Monday, January 2, 2012

love does things for reasons that reason cannot understand.

"I am tired of trying to hold things together that cannot be held. Trying to control what cannot be controlled. I am tired of denying myself what I want for fear of breaking things I cannot fix. They will break no matter what we do." Celia Bown (The Night Circus, Erin Morgenstern)
From my friend, Lyra



And I'm sorry for very random thoughts. 


28 months or 852 days or 20,448 hours or 1,226,880 minutes.

This is not a love post. This is a post about love. 
I knew this time would come but I didn't expect it would come too soon.
It was time to say goodbye.

In the year 2011, I thought it was lost, then it came back then I realized in the last day of the year that it was a delusion. I was looking for things I could not see, in the darkness. That there was of no difference in comparison with friendship, as I felt more loved by my friends. So then, we're better off as friends. Or maybe, it was better for me to wander around the world alone first.


At times, I thought it was not the right time. There was NEVER a right time. Why wait for the right time when there is no right time until you make it happen! Untimely as it is. Today I learned... Newton's first law of motion "The velocity of a body remains constant unless the body is acted upon by an external force." applies to love too. I always believed "Love does not die a natural death. It dies because of sadness, and it dies because of lack of nurturing." I hope he understood that.

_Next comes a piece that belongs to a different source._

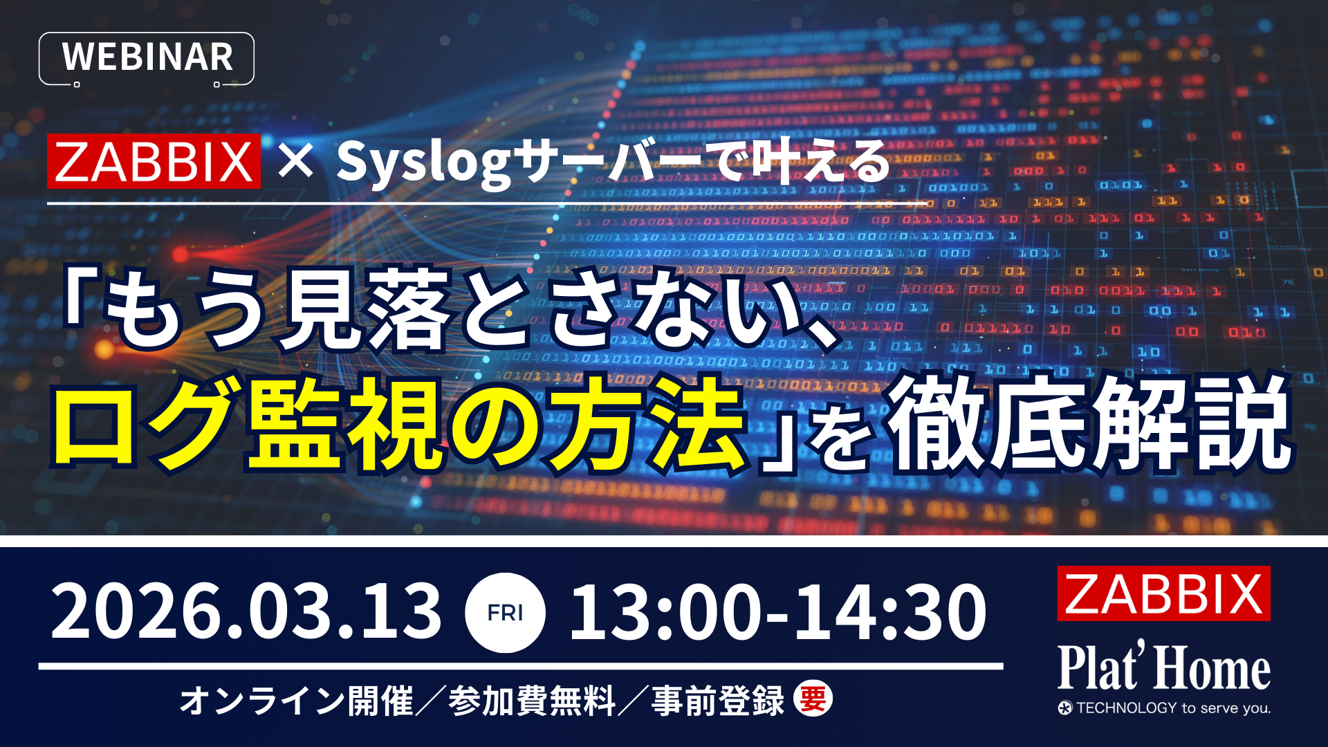 3/13(金)【Zabbix × ぷらっとホーム 共催】Zabbix × Syslogサーバーで叶える「もう見落とさない、ログ監視の方法」を徹底解説ウェビナーのご紹介

In the year 2009, I told myself "the next time I fall in love, it would be my last." And so I hold on, not realizing I would be hurt too much in the process of not letting go.

In the year 2007, I found my own definition of love, that "Love is an understanding between two people that only the two of them can understand." If there is no more understanding nor communication, how can it grow? Love starts with mutual understanding, isn't it?


Bakit sayo pa nagkagusto?
Parang bula, ika'y naglaho. 
(January to July 2011) 
- Porque by Maldita


Once a stranger, twice an enemy, thrice a lover. What's worst about love is that it consumes everything, leaving nothing behind. It drives you into sleepless nights and happy mornings. But then, all the memory will be washed away once its gone. Strangers become friends then lovers then strangers again. That is what I don't like about it. However, it's inevitable.


On the first day of 2012, I realized... Love is not planned nor forced to bloom. Love happens, as it happens naturally. And I hope, it would be long enough before I start to write about love again.


Love is troublesome. Let's just enjoy the present, learn from the past and look forward to future. 愛は面倒ですレッツが存在単に楽しむ過去から学び、将来を楽しみにしています


Whatever the reason is, I hope I understand it soon.